PyMOTW: urllib

优质

小牛编辑

142浏览

2023-12-01

模块：urllib
目的：访问不需要认证的远程资源
python版本：1.4+

urllib模块提供了一个访问网络资源的简单接口. 虽然urllib可以与gopher和ftp协议一起使用, 但下面的例子都是用了http协议.

HTTP GET

这些例子的测试服务器是在BaseHTTPServer_GET.py中, 这个脚本在PyMOTW例子的BaseHTTPServer模块中. 在一个终端窗口中启动服务器, 然后在另一个窗口中运行以下这些例子.

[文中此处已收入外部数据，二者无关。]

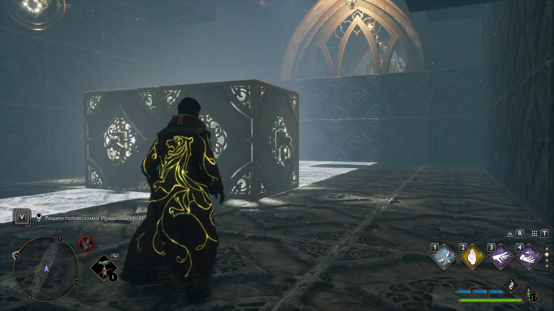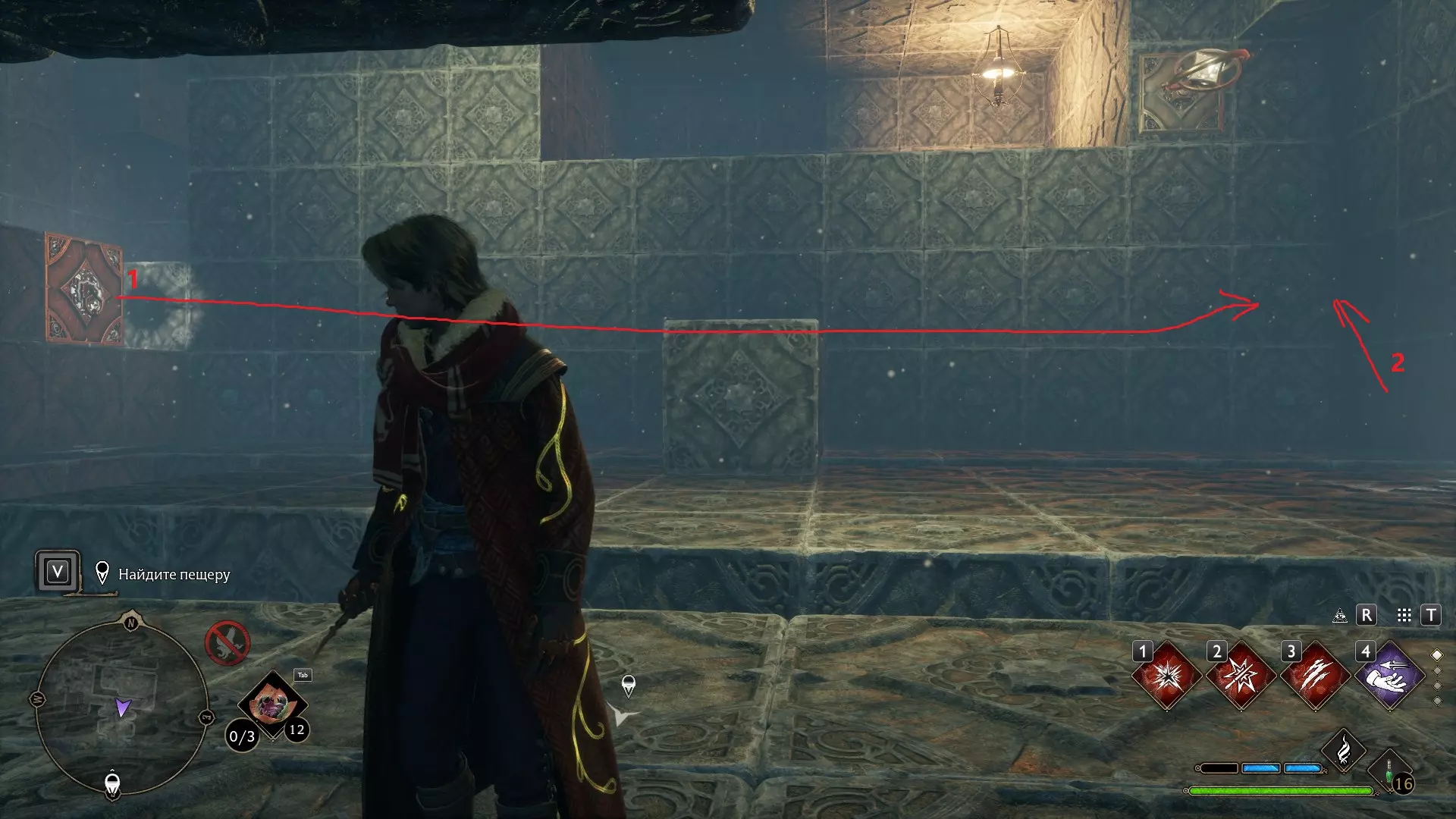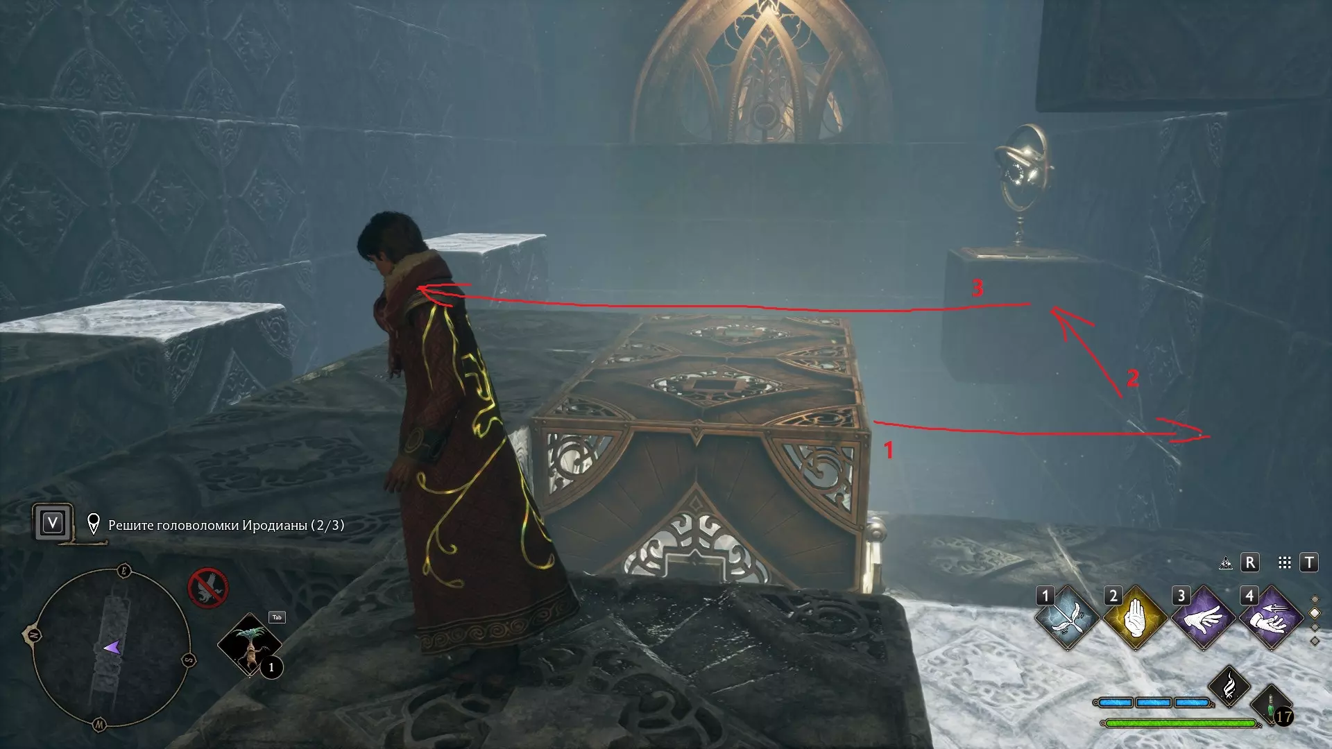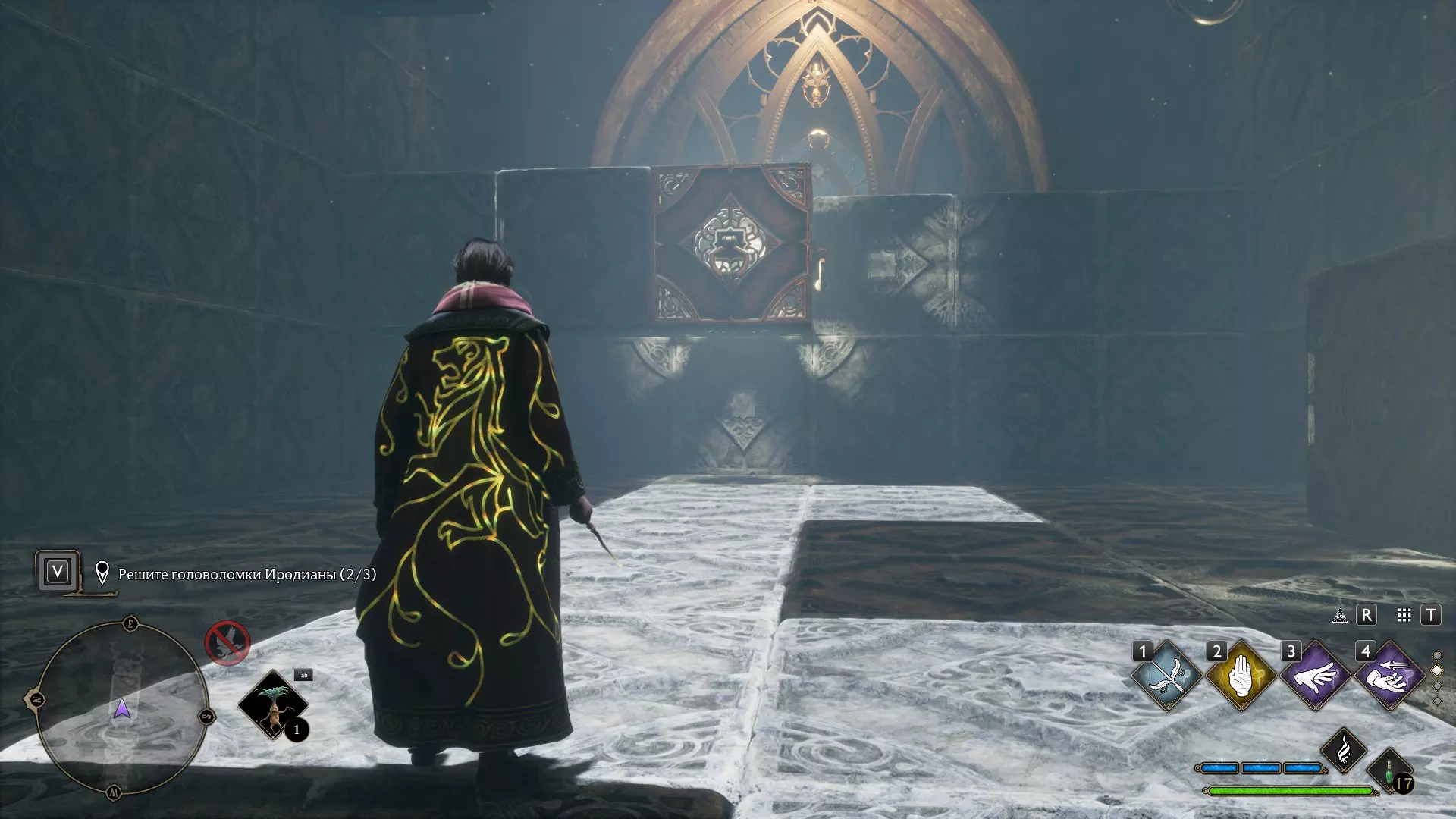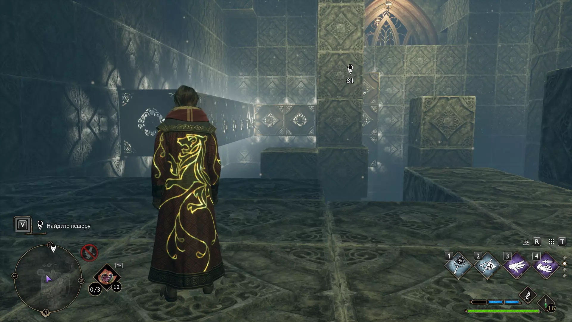 只有在游戏接近中期,当你学会【冰刺术】(Глациус)或【时间停止】(Арресто моментум)这两个咒语后,才能进入这扇门。我们会看到头顶上有一个巨大的钟摆,需要在它开始从右向左摆动之前,将其停在最终位置。

HTTP GET 是urllib最简单的操作. 简单把URL传递给urlopen()来获取一个用于操作远程数据的类文件句柄.

import urllib

response = urllib.urlopen('http://localhost:8080/')
print 'RESPONSE:', response
print 'URL :', response.geturl()

headers = response.info()
print 'DATE :', headers['date']
print 'HEADERS :'
print '---------'
print headers

data = response.read()
print 'LENGTH :', len(data)
print 'DATA :'
print '---------'
print data

该示例服务器取得传入的值, 并且返回格式化的纯文本response. 从urlopen()返回的值通过info()方法给出HTTP服务器的headers的入口, 并且通过read()和readlines()等方法获得远程资源的数据.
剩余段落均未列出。